Mais remarquons que le mot « États » n’était pas encore prononcé, que cette convocation des Bourgeois, à Dinan, avait un caractère exceptionnel et qu’il est absolument erroné de croire qu’ils aient pris part à tous les Parlements généraux où leur présence n’est pas signalée. Rien n’autorise non plus à affirmer, comme on le fait couramment, que le « Parlement » n’était qu’une commission des États, semblable à la « Commission intermédiaire » du xviiie siècle. C’est ce que nous constatons en examinant les textes sur lesquels s’appuie l’histoire des États de Bretagne  [54].
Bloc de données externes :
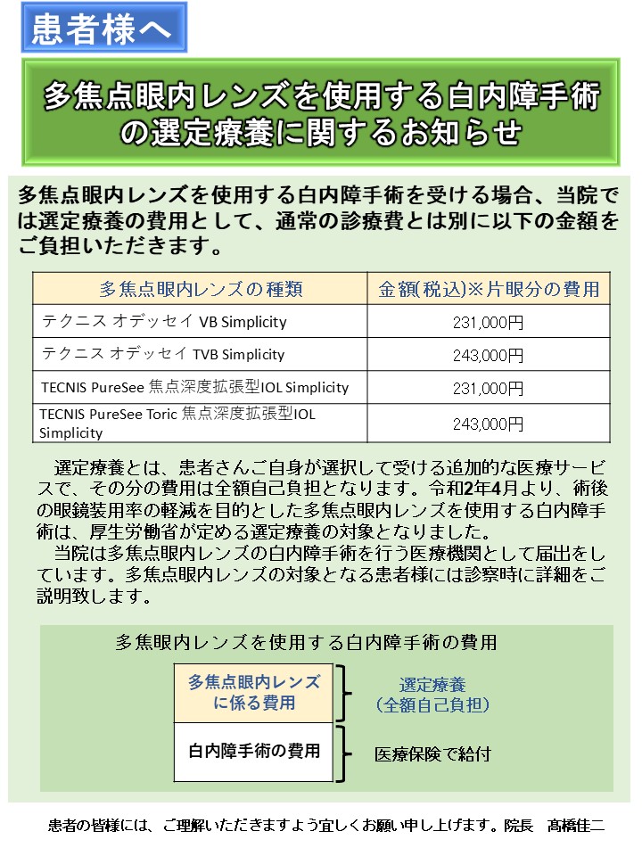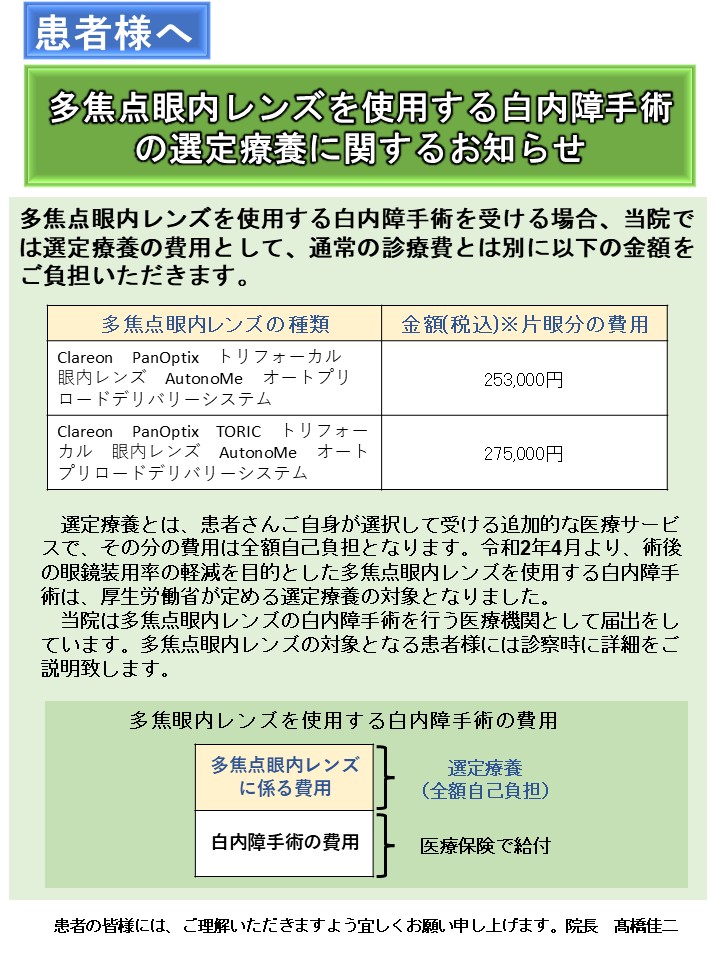 ※白内障手術の予約状況は、トップページでお知らせしております。 ■多焦点眼内レンズ 当院では、多焦点眼内レンズを用いた白内障手術も行っております。 多焦点眼内レンズをお考えの方は、是非ご相談ください。 ※挿入するレンズの種類は、患者様の見え方のご希望などのお話を聞いたうえで医師が判断し手術をしていきます。 ■コンタクトレンズ 当院では、各種コンタクトレンズを取り扱っております。 1日使い捨て、2週間交換、1ヶ月交換、乱視用など… 初めての方も、使用方法などご説明いたしますので、是非ご相談ください。 ※お時間がかかりますので、余裕を持ってご来院下さいますようお願い致します。 ※度数やメーカー等によっては、当日にレンズをお渡し出来無い場合がございますのでご了承ください。 ※カラーコンタクトレンズの販売・コンタクトレンズの処方箋のみの発行はしておりませんのでご注意ください。 トップへ戻る

Pendant le long règne de Jean IV (1364-1399), on ne trouve que trois sessions d’États. En avril 1380, un message adressé au Roi est scellé, outre les prélats, par deux barons « pour les barons et autres nobles et pour le commun de Bretagne ». Charles V s’empresse d’adresser sa réponse aux « prélats, clergé, barons, nobles hommes, villes et communes du pays de Bretagne », mais on ne peut savoir s’il reproduit fidèlement l’intitulé des lettres qu’il avait reçues  [55]. En 1389, on trouve à Nantes une assemblée plus sûrement authentique des « prélats, barons, chevaliers, écuyers et députés des chapitres et villes du duché  [56] ». En 1383, le comte d’Alençon, ayant fait appel d’une sentence du sénéchal de Rennes au Parlement de France, sans passer par le Parlement de Bretagne, Jean IV se plaignit et rappela au Roi que des lettres royaux d’un de ses prédécesseurs avaient accordé aux ducs quod hujusmodi applegiamenta de cetero nullatenus recipi [p. 403] permittemus  [57]. Le conseil du Roi répondit imprudemment que « aucuns pourroient dire que le Roy ne devroit avoir octroyé telles lettres au duc de Bretagne, qui touchent tout le pays, sans le consentement des barons, des prélats et des bonnes villes du pays ». Le duc répliqua en convoquant son Parlement général « des prélaz et des barons et d’aucunes villes du pays de Bretagne » (13-23 mai 1384, à Rennes), dont il fit valoir l’appui. Aussi réussit-il à faire céder le jeune roi alors sous le gouvernement du duc de Bourgogne. Les instructions remises aux ambassadeurs bretons envoyés en France à cette occasion contiennent quelques lignes sur le rôle du Parlement : pour juger les appels venant des cours ducales de Bretagne, le Duc, y dit-on, a accoutumé tenir le Parlement de Bretagne, de temps immémorial, « appelés les prélats, barons et autres des suffisants du pays », c’est-à-dire les sénéchaux et hommes de loi du conseil ducal ; d’autre part, la Bretagne ayant ses coutumes propres, toutes les fois qu’il en est débat ou qu’il est question de subside ou d’autre chose au profit du pays, le Duc convoque les « prélats, barons et commun dudit pays ». Ces instructions paraissent donc distinguer les sessions ordinaires, qui sont surtout judiciaires, et les sessions extraordinaires du Parlement, où se traitent les questions fiscales et politiques  [58]. Il en va de même de Guillaume de Saint-André quand il dit :

II [le duc] assembla prélatz et barons [p. 404]
Et les trois Estatz des Bretons ;
Et fit et tint maint Parlement
Où l’on faisoit maint jugement  [59]...

Ces institutions n’étaient encore qu’en voie de formation. Il est très remarquable, en effet, que le duc Jean IV, qui réunit, après la bataille d’Auray, un Parlement des « prélats et barons » à Vannes pour qu’ils lui accordassent un fouage sur leurs terres  [60], ne consulta pas les habitants des bonnes villes pour créer à la même époque des droits sur les « entrées et issues » de marchandises  [61]. Ils ne furent pas non plus réunis pour approuver le second traité de Guérande en 1381, mais les notables donnèrent leur ratification, chacun dans sa ville  [62].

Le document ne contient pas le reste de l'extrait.